Hey all, I recently ordered and received a new Peterson Outdoor Series #65 pipe. It's tiny!! I wanted I pipe I could easily take with me anywhere and this one certainly fits the bill. However, it does have a few "flaws", at least to my eye. I was hoping you all would take a look at a few pictures and give me your opinions. In the first picture it seems like the gold Peterson "P" was not filled in completely. This didn't bother me at first, but then I noticed that all of my other petersons had perfectly painted/filled in "P's". The second picture shows what looks like a botched drill job. The hole seems to sit a bit high in the bowl and doesn't look like any of my other pipes. Now part of me is saying man up and just smoke the damned thing, while the other half is remembering the hefty price tag for such a small pipe. Mind you, I am pretty new to the whole pipe scene, and I may not have any idea what I'm talking about. Thanks for looking

EDIT: oops, no pictures. I attached them as .jpg. Do i need a certain post count?


----------



## DSturg369 (Apr 6, 2008)

Love the bird's eye! ... But do agree about your concerns. I don't own a Pete' but seems like I'm seeing more complaints and problems with them lately.


----------



## Nachman (Oct 16, 2010)

Beautiful birdseye. Maybe I just can't tell by the picture, but the drilling looks serviceable to me.


----------



## Zfog (Oct 16, 2010)

I like your pipe a lot! It is hard to tell from the pics whether the drill is off. It doesn't look to bad from here. 
It's a beaut! But if your not happy send it back.


----------



## CWL (Mar 25, 2010)

You have to put up with a bit of imperfection with a machine-made pipe.

I see nothing wrong with the logo paint and the bore hole looks serviceable.


----------



## Engineer (May 7, 2011)

I agree that the grain is incredible. I'm almost afraid to return this one and receive a pipe with less impressive grain. As for the hole, it's difficult to get a shot that properly showcases my concern. I'll have to consider whether I want to wait another week and a half to get an exchange or just settle and smoke it....


----------



## Engineer (May 7, 2011)

It's hard to see from the picture but the entire bottom loop of the "P" is missing gold paint. When you guys say the hole is serviceable, you mean acceptable or that I can go in and fix it myself?


----------



## canadianpiper (Nov 27, 2010)

> But do agree about your concerns. I don't own a Pete' but seems like I'm seeing more complaints and problems with them lately.
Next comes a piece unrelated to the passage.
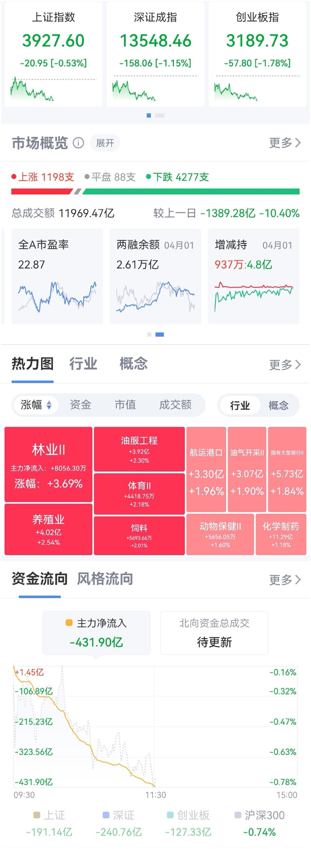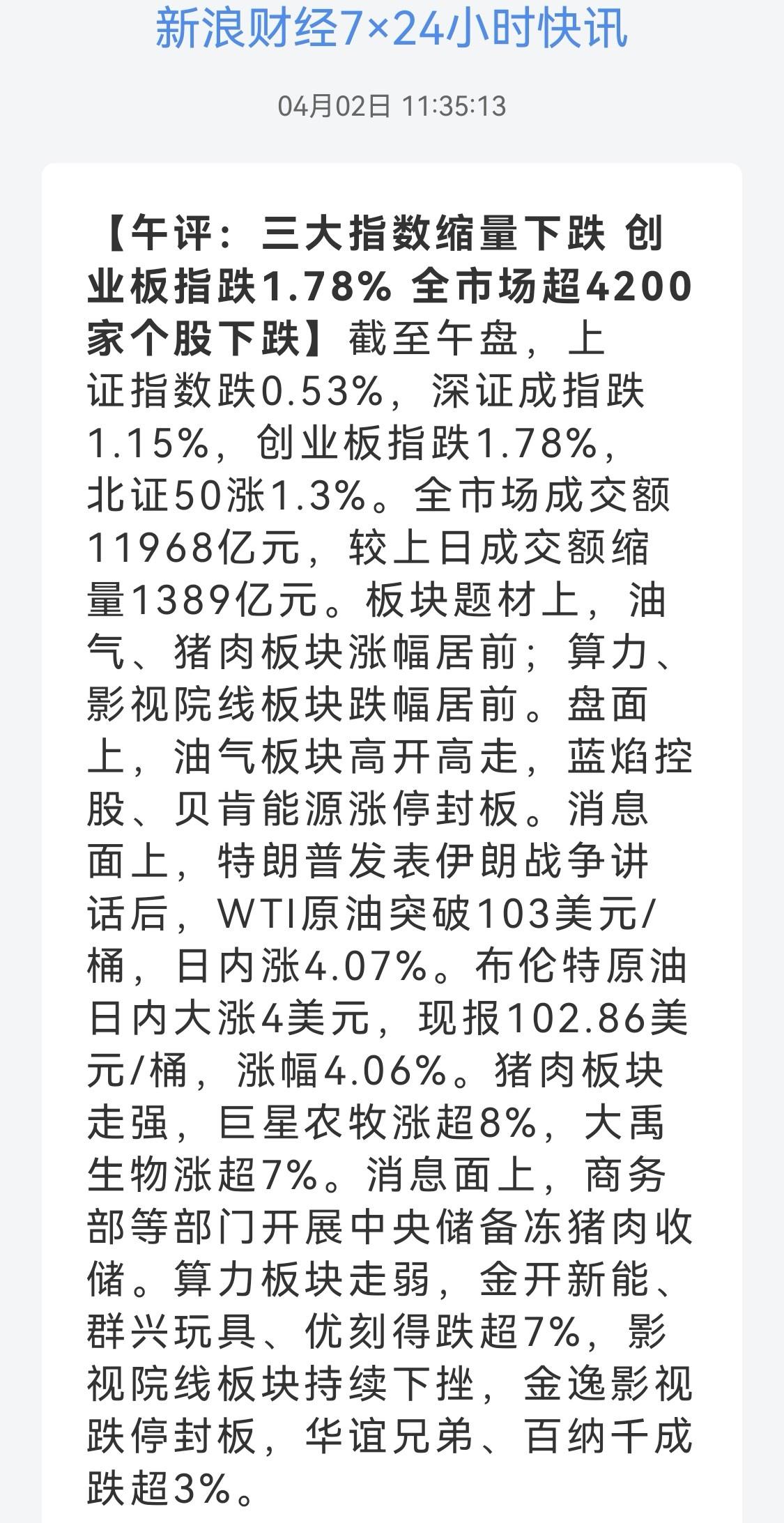 午盘:沪-0.53%、深-1.15%、创-1.78%。

I agree completly, I am just not into the Pete's


----------



## freestoke (Feb 13, 2011)

Try looping a pipe cleaner and putting the "U" in the bowl to the bottom. Can you push a pipe cleaner through the draft hole OVER the looped pipe cleaner? A regular pipe cleaner is 1/8" or so.


----------



## Engineer (May 7, 2011)

Hey Jim, no I can't push it over the U-shaped cleaner. So I guess the hole was drilled at the correct angle but it ended up splintering some surrounding wood upon exit. I've decided I'm going to keep it and just enjoy smoking rather than sweat the small stuff, which is why I picked up this hobby in the first place! Ha!


----------



## freestoke (Feb 13, 2011)

Engineer said:


> Hey Jim, no I can't push it over the U-shaped cleaner.


Sounds close enough. As long as it isn't too far off, the bottom will fill with char after a while and it should be fine. :tu Beautiful grain on that pipe!


----------